- **Task to complete**
After finding the line with "Peggy Shannon, tiene" in the entries below, retype exactly each line from there through the line with "Poza de la Sal", including that final line.

- **Material provided**
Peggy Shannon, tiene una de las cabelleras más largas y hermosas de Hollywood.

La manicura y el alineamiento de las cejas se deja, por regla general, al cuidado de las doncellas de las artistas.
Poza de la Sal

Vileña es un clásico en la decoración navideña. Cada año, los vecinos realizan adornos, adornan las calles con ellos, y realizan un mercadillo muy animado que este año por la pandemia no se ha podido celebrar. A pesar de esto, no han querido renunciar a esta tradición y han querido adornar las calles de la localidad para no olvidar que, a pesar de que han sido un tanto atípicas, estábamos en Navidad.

==

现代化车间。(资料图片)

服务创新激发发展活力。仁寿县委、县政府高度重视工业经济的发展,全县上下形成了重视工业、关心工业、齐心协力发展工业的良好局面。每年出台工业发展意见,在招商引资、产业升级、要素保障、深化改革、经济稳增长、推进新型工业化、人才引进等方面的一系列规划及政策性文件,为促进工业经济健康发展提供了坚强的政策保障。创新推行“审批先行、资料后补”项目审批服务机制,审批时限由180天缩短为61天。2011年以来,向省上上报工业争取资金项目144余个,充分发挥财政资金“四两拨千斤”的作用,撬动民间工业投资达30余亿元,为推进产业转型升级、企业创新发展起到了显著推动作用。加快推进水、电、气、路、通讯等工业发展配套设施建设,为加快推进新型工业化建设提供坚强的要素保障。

- **Answer box**
Peggy Shannon, tiene una de las cabelleras más largas y hermosas de Hollywood.

La manicura y el alineamiento de las cejas se deja, por regla general, al cuidado de las doncellas de las artistas.
Poza de la Sal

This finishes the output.